Architecture¶
Overview¶
KETE follows a pipeline architecture for processing Keycloak events:
Core Flow¶
- Keycloak generates an Event or AdminEvent
- ProviderFactory receives the event via EventListenerTransaction
- On transaction commit, events are processed in parallel (virtual threads)

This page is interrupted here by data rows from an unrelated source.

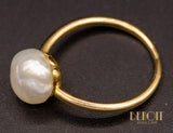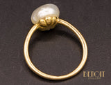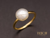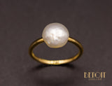 Solitaire en or jaune 750/1000e au design épuré, orné d'une imposante perle baroque blanche. Corps de bague fil rond.
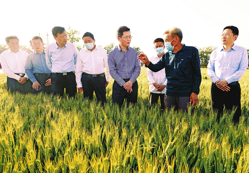 運城是農(nóng)業(yè)大市。夏縣水頭村優(yōu)質(zhì)小麥正值灌漿關(guān)鍵期,豐收在望。藍佛安走進田間察看麥苗長勢,與農(nóng)民、農(nóng)技專家交流,了解麥種培育、災(zāi)后補種等情況,強調(diào),要做好麥田中后期管理,全力奪取夏糧豐收,為保障國家糧食安全作出貢獻。在水頭村,藍佛安與干部群眾親切交談,詳細詢問農(nóng)民特別是脫貧人口就業(yè)及收入等情況,指出,基層黨組織要發(fā)揮戰(zhàn)斗堡壘作用,大力發(fā)展特色產(chǎn)業(yè),做好收入監(jiān)測、困難群眾幫扶,加強就業(yè)支持及兜底保障,促進農(nóng)民收入穩(wěn)定增長,持續(xù)鞏固拓展脫貧攻堅成果,全面推進鄉(xiāng)村振興。在維之王食品有限公司,藍佛安察看果品生產(chǎn)車間,對企業(yè)采取保護價收購農(nóng)產(chǎn)品的做法給予肯定,指出,農(nóng)民是現(xiàn)代農(nóng)業(yè)產(chǎn)業(yè)鏈的基礎(chǔ)環(huán)節(jié),要完善利益聯(lián)結(jié)機制,吸引更多農(nóng)戶投入現(xiàn)代農(nóng)業(yè)發(fā)展,實現(xiàn)企農(nóng)雙贏。在格瑞特酒莊有限公司,藍佛安察看橡木桶貯存工藝,了解葡萄酒研發(fā)、市場銷售等情況,勉勵企業(yè)拓展市場、做響品牌,不斷增強龍頭帶動作用。
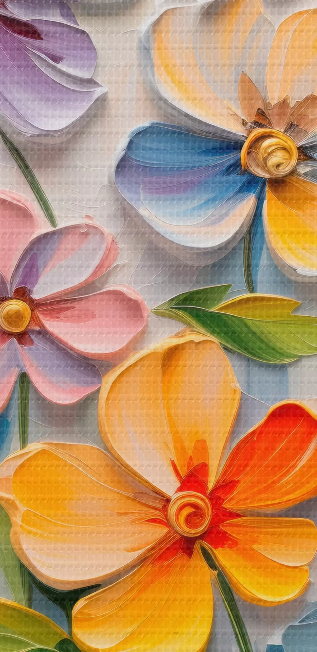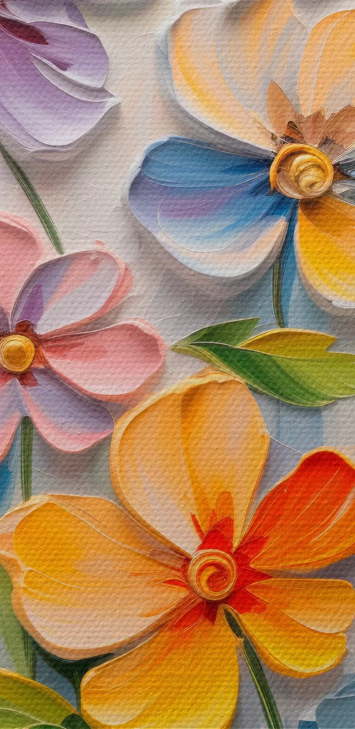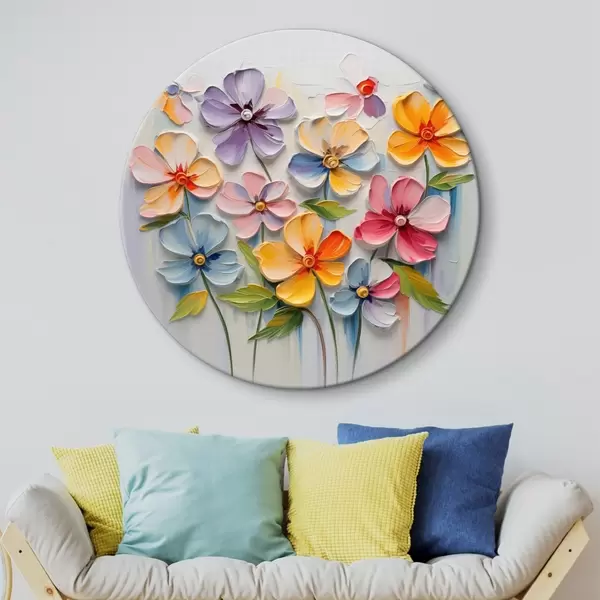 Picturi rotunde Natură statică florală: flori multicolore în tehnica impasto r45598
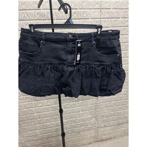 Madden NYC Black Denim Bubble Skirt Mini Size XL NWT Streetwear Y2K Puff Hem
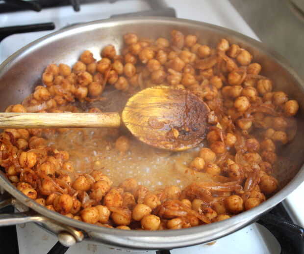 En este punto, usted va a Desglasar la sartén con el jugo de la mitad de un limón y una cucharada más o menos de agua. Raspar las sabrosas especias y cebollas que son probablemente un poco pegado a la parte inferior. : D

- Each route evaluates its matchers against the event type
- Matching events are serialized using the route's serializer
- Serialized messages are sent to the route's destination
Dependency Injection¶
KETE uses a lightweight, custom dependency injection system (IocUtils) instead of heavyweight frameworks like Spring or CDI:
Why Custom DI?
- Simplicity: Our needs are straightforward—scan for @Component, instantiate singletons
- No Framework Overhead: Keycloak already loads the JVM; adding Spring/CDI would be excessive
- Fast Startup: Minimal reflection, no XML parsing, no proxy generation
- Keycloak Native: Works seamlessly as a Keycloak provider extension without conflicts
The implementation is ~200 lines of code that:
1. Scans io.github.fortunen.kete package for @Component annotations
2. Registers SINGLETON and TRANSIENT scopes
3. Instantiates components with constructor injection
This approach keeps the plugin lightweight while still providing clean component management.
Event Processing¶
Transaction Support¶
Events are wrapped in Keycloak's EventListenerTransaction:
- Events are queued during the Keycloak transaction
- On commit: Consumer/BiConsumer callbacks are invoked
- On rollback: Events are discarded
This ensures events are only processed for successful operations.
Route Matching Algorithm¶
- Check if event realm matches route realm
- Check if route has matchers and if event type is accepted
- For matching routes: serialize once per serializer, send to all destinations
- Use virtual threads for parallel destination delivery
- Apply retry if configured
Threading Model¶
Thread Stages¶
| Stage | Thread Type | Description |
|---|---|---|
| Event Reception | Keycloak transaction thread | Event received from Keycloak |
| Transaction Commit | Same thread | Triggers event processing |
| Event Processing | Virtual thread per route | Parallel destination delivery |
| Destination Pooling | ThreadLocal | Thread-safe client reuse |
Virtual Threads¶
- Used for parallel destination delivery
- Executor created in
ProviderFactory.run() - Executor:
Executors.newVirtualThreadPerTaskExecutor()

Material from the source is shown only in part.